I might be mistaken, but it seems like the timestamp would be stored as a tree where the root is the year, then a few nodes down is the month, then the week, then the hour, then the minute, then the second. In that case, yes, the results in the tree would be 1:1, but the tree itself would be much smaller.
So, if the nodes were Unix timestamps, I'd be shocked)

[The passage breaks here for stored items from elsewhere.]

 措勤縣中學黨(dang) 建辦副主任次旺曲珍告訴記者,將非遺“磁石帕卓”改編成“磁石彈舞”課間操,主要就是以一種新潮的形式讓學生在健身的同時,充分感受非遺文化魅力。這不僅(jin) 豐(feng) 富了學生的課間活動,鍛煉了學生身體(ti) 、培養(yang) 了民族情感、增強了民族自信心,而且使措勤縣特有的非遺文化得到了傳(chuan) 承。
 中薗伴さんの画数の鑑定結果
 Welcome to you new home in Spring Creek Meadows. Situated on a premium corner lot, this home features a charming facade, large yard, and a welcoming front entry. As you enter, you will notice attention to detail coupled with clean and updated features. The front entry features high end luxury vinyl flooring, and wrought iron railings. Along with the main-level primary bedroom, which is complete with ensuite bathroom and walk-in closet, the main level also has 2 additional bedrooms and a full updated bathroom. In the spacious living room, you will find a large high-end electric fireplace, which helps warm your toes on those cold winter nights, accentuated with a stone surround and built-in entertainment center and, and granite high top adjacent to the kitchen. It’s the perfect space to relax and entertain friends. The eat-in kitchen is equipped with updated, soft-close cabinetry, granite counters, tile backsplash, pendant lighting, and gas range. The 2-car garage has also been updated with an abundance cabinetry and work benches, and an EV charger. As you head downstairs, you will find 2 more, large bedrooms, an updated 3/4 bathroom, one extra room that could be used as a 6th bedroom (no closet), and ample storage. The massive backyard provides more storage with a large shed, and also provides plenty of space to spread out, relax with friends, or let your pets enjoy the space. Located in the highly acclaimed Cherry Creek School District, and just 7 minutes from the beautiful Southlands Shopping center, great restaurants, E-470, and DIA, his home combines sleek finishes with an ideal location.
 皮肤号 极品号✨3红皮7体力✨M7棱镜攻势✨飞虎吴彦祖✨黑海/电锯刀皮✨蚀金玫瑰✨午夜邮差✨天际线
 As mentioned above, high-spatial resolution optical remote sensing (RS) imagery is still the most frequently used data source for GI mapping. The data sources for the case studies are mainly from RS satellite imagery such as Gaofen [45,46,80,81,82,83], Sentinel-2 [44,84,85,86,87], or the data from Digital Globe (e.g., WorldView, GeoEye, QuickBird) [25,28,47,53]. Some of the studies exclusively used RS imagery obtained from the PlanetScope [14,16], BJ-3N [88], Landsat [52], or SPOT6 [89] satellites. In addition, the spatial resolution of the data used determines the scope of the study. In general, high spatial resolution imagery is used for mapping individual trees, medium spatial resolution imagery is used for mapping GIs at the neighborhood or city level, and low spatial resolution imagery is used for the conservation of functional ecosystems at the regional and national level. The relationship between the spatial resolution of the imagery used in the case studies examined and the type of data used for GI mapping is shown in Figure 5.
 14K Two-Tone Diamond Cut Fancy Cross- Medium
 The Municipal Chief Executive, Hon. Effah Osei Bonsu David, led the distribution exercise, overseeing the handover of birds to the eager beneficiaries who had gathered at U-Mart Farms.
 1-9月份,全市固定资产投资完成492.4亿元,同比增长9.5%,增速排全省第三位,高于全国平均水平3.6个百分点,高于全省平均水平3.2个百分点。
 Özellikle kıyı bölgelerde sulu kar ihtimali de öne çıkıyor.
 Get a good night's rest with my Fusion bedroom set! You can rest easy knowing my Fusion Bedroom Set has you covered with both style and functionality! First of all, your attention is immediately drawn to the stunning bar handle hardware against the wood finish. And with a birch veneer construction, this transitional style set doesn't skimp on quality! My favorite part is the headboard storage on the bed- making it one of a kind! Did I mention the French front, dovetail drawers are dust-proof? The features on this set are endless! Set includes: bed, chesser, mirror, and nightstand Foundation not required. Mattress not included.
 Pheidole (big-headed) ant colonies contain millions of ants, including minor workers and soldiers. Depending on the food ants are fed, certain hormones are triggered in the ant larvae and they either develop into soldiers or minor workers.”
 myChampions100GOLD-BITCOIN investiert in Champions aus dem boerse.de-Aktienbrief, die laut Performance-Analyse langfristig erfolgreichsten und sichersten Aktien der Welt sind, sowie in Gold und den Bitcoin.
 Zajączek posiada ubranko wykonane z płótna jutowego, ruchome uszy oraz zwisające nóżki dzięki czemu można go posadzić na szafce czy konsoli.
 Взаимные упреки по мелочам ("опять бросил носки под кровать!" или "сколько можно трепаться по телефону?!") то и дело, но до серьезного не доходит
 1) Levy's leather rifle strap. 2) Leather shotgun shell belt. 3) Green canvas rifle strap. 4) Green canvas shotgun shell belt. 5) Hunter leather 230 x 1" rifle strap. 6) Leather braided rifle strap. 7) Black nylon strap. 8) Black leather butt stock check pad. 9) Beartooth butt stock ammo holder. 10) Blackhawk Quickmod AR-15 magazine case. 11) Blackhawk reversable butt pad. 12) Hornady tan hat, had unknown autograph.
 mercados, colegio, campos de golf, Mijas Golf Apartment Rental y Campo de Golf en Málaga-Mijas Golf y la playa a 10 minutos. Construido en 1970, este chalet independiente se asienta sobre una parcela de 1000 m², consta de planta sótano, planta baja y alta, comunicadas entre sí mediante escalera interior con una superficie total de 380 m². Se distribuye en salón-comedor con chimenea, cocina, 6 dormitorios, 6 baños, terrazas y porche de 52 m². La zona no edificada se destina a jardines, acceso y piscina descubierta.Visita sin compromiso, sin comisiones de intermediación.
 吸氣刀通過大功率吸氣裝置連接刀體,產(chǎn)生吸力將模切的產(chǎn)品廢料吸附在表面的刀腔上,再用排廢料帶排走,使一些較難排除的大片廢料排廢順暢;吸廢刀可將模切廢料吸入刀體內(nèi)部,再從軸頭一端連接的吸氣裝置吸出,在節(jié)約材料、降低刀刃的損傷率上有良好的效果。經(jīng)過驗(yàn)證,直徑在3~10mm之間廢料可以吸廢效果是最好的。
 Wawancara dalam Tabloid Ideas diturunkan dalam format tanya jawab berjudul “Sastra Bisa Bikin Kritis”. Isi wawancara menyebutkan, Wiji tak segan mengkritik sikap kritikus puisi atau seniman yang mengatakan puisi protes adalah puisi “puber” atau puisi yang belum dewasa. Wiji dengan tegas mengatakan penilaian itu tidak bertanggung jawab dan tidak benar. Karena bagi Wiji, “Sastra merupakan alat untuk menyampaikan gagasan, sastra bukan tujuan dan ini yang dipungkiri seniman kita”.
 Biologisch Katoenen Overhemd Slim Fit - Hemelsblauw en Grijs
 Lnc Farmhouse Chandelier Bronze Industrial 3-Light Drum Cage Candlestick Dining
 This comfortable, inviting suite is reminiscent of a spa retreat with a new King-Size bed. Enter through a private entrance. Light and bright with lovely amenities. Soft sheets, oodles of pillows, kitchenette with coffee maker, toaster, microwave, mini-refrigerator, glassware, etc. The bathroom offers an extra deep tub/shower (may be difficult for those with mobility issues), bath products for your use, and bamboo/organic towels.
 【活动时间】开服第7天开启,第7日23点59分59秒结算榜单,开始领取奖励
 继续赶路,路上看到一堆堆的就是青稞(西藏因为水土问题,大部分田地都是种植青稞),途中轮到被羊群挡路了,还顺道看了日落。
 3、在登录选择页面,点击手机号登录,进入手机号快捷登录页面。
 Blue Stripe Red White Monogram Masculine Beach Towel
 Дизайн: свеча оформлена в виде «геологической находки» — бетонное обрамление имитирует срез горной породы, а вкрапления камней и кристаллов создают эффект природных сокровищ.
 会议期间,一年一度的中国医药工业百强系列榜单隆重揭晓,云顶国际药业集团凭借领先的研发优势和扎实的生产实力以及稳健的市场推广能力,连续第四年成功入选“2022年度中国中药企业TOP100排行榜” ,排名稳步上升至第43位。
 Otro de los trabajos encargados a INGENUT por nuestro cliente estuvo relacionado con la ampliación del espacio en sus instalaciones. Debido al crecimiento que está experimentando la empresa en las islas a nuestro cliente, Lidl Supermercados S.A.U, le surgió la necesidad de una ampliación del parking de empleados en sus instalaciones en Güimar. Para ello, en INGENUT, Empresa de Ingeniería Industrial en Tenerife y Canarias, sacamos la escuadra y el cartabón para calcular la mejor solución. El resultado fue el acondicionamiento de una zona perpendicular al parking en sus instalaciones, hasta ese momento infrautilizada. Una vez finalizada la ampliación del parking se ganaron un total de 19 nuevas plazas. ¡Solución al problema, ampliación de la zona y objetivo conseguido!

I don't understand how this can be optimized.
@ Ivan ITK ๐ซ ยท # 779
For pg, there's this https://explain.depesz.com and this https://tatiyants.com/pev/#/plans
@ Ivan ITK ๐ซ ยท # 780
No, the date value is stored in Unix epoch microseconds, and the default index, I'm not following pg closely enough to know what it is right now.
@ Ivan ITK ๐ซ ยท # 781
According to CockroachDB, here's the docs with a description, this applies to any monotonically increasing values to have a split point for distribution across nodes.
@ Ivan ITK ๐ซ ยท # 782
BRIN indexes are used there https://www.crunchydata.com/blog/postgresql-brin-indexes-big-data-performance-with-minimal-storage
@ Ivan ITK ๐ซ ยท # 783
https://www.postgresql.org/docs/current/indexes-types.html#INDEXES-TYPES-BRIN also has its storage scheme for monotonically increasing data.
@ [ $davids.sh ] ยท # 784
I've been ignoring it for a very long time) I'll read up on how it works, thank you!